Ilmu: bebas nilai atau tidak bebas nilai
Rasionalisasi ilmu pengetahuan terjadi sejak Descartes dengan sikap skeptic-metodisnya meragukan segala sesuatu, kecuali dirinya yang sedang ragu. Sikap ini berlanjut pada masa Aufklarung, suatu era yang merupakan usaha manusia untuk mencapai pemahaman rasional tentang dirinya dan alam.
Tokoh sosiologi, Weber menyatakan bahwa ilmu sosial harus bebas nilai tetapi ia juga mengatakan bahwa ilmu-ilmu social harus menjadi nilai yang relevan. Kehati-hatian Weber dalam memutuskn apakah ilmu itu bebas nilai atau tidak, bisa dipahami mengingat di satu pihak objektivitas merupakan cirri mutlak ilmu pengetahuan, sedang di pihak lain subjek yang mengembangkan ilmu dihadapkan pada nilai-nilai yang ikut menentukan pemilihan atas masalah dan kesimpulan yang dibuatnya. Oleh karena itu perlu dirumuskan terlebih dahulu apa yang dimaksud dengan bebas nilai itu?. Josep Situmorag menyatakan bahwa bebas nilai adalah artinya tuntutan terhadap setiap kegiatan ilmiah agar didasarkan pada hakikat ilmu pengetahuan itu sendiri.
Paling tidak, ada tiga faktor sebagai indikator bahwa ilmu pengetahuan itu bebas nilai, yaitu:
1. Ilmu harus bebas dari pengandaian-pengandaian yakni bebas dari pengaruh eksternal.
2. Perlunya kebebasan usaha ilmiah agar otonomi ilmu pengetahuan terjamin. [8]
3. Ilmu harus bersifat netral terhadap nilai-nilai baik itu secara ontologis maupun aksiologis.

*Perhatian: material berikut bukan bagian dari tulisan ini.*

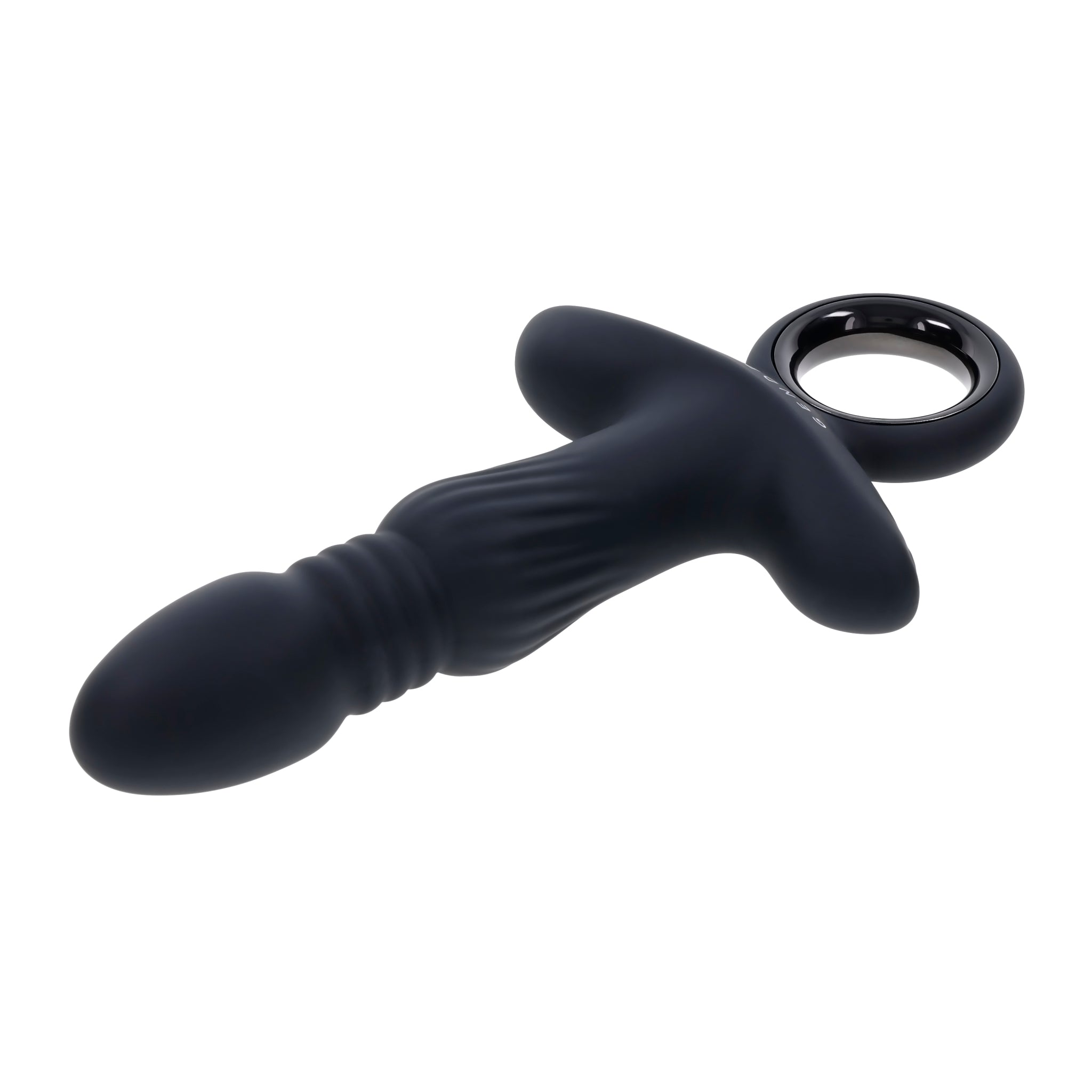 Gender X Slayer Black Toy from Evolved Novelties. This large robust thrusting Vibrator has a smooth egg shaped tapered tip that narrows to its thrusting accordion neck before swelling out again to a textured lower shaft. The wide base and ringed finger grip make navigation handy and agile. Description: 9 vibrating and thrusting speeds and patterns, 0.5 inch thrust. Made from body safe phthalate free and latex free Silicone and ABS Plastic. Height 7.86 inches, Depth 4.03 inches, Width 1.95 inches. Insertable length 5 inches, insertable diameter 1.31 inches. Waterproof and submersible. USB Magnetic Rechargeable, USB Cable included. Categories: Anal Toys, Prostate Massagers, P-Spot Stimulators, Vibrators, Sex Toys for Men, Eco-Friendly Sex Toys, Rechargeable Vibrators. 2024.

Namun disisi lain, ada yang berpendapat bahwa netralitas ilmu trehadap nilai-nilai hanyalah terbatas pada metafisik keilmuan, sedangkan dalam penggunannya haruslah berdasarkan nilai-nilai moral. Golongan ini mendasarkan pendapatnya pada beberapa hal, yakni :
1. Ilmu secara faktual telah dipergunakan secara destruktif oleh manusia, yang dibuktikan dengan adanya dua perang dunia yang mempergunakan teknologi keilmuan.
2. Ilmu telah berkembang dengan pesat dan makin esoteric hingga kaum ilmuwan lebih mengetahui tentang ekses-ekses yang mungkin terjadi bila terjadi penyalahgunaan.
3. Ilmu telah berkembang sedemikian rupa di mana terdapat kemungkinan bahwa ilmu data mengubah manusia dan kemanusiaan yang paling hakiki seperti pada kasus revolusi genetika dan teknik perbuatan social.
Jadi kebenaran suatu ilmu pengetahuan tidak semata mengejar kebenaran yang bebas niali melainkan selalu terkait dengan kemungkinan terwujudnya kebahagiaan manusia pada umumnya.